= Paul Marchal =

French entomologist (1862–1942)

Paul Alfred Daniel Marchal (27 September 1862, Paris, - 2 March 1942, Paris) was a French entomologist. He was president of the French Entomological Society (Société entomologique de France) in 1907. He was president of the French Zoological Society (Société zoologique de France) in 1909.

In 1883 Marchal received his undergraduate degree from the Academy of Paris (University of France). In 1889 he received a doctorate in medicine and in 1892 a doctorate in science, from the same institution.
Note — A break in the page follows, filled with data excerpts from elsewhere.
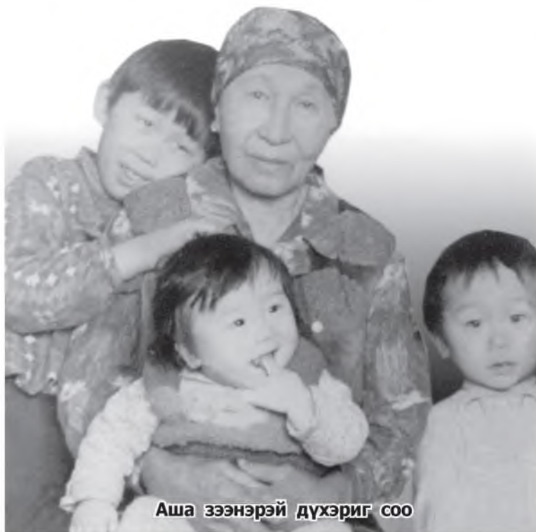
Аша зээнэрэй дүхэриг соо

ша хэм, шархатаһан, контузи абаһан тухайн, бэшэшье шагналнууд тухай сэрэгын билет соонь бэшэгдээгүй хэн. Урдань лама байһан хадаа шагналнуудта хүртөөгүй юм гү, тэрэниие би мүнөө гайхагшам.
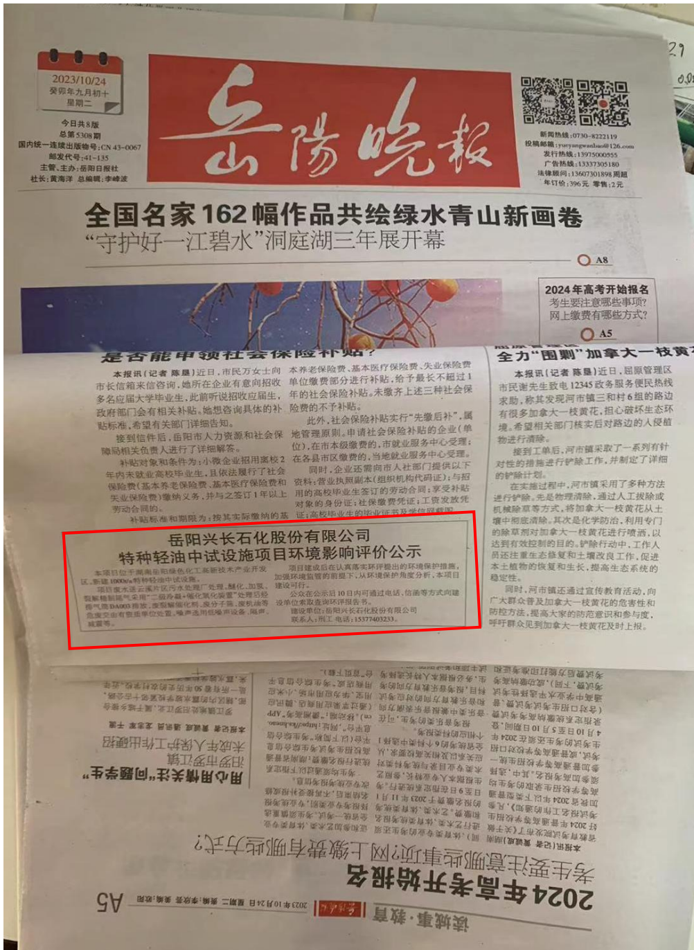
图 3-1 项目报纸上公示图片（第一次）
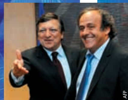
José Manuel Barroso et Michel Platini.

Enfin, Michel Platini a évoqué la promotion et le développement du football des équipes nationales, une question qui lui tient à cœur. José Manuel Barroso a reconnu que les équipes nationales reflètent les idées fondamentales de l'UE et que leur protection est essentielle pour un développement sain du football européen. ●
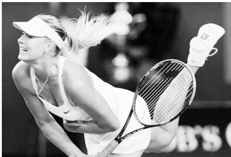
图为俄罗斯网球名将莎拉波娃，她的奋斗经历激励了无数少男少女。

9月19日，中国网球名将李娜通过微博正式宣布退役。在网球土壤贫瘠的中国，李娜两次夺得大满贯冠军——2011年，勇夺法网冠军，今年又在澳网登顶，手握两座大满贯的冠军奖杯，WTA最高排名是第二位，职业生涯总战绩503胜188负，总奖金超过了1670万美元。
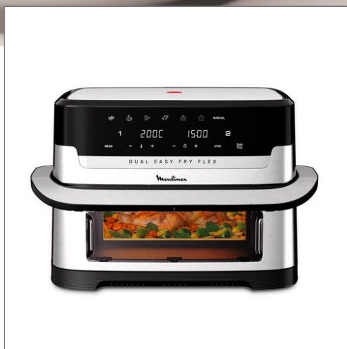
Easy Fry Dual Flex, air fryer, Grand tiroir 9 L, double zone, séparateur amovible DUAL FLEX 9L EZ922DF0
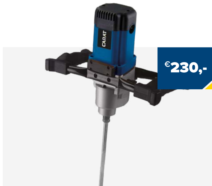
Art. Nummer BUI0020000 HANDMIXER TYPE 1900

Marchal worked for the French government in Paris as an entomologist for the Ministry of Agriculture. In 1894 he became chief-of-staff of the entomology section, and in 1910 he became Director of the entomology station in Paris. In 1898 he started teaching at the Institut national agronomique (National Institute of Agriculture) and in 1900 he was appointed as a professor of applied zoology and agriculture.

In 1912, based on the American experience with Novius cardinalis and the earlier work of Raymond Poutiers, he made the first release of acclimatized ladybugs in Europe, in Alpes-Maritimes in southeastern France, for the biological control of cochineal scale.

Marchal was a member of the French Academy of Sciences from 1912 until his death in 1942.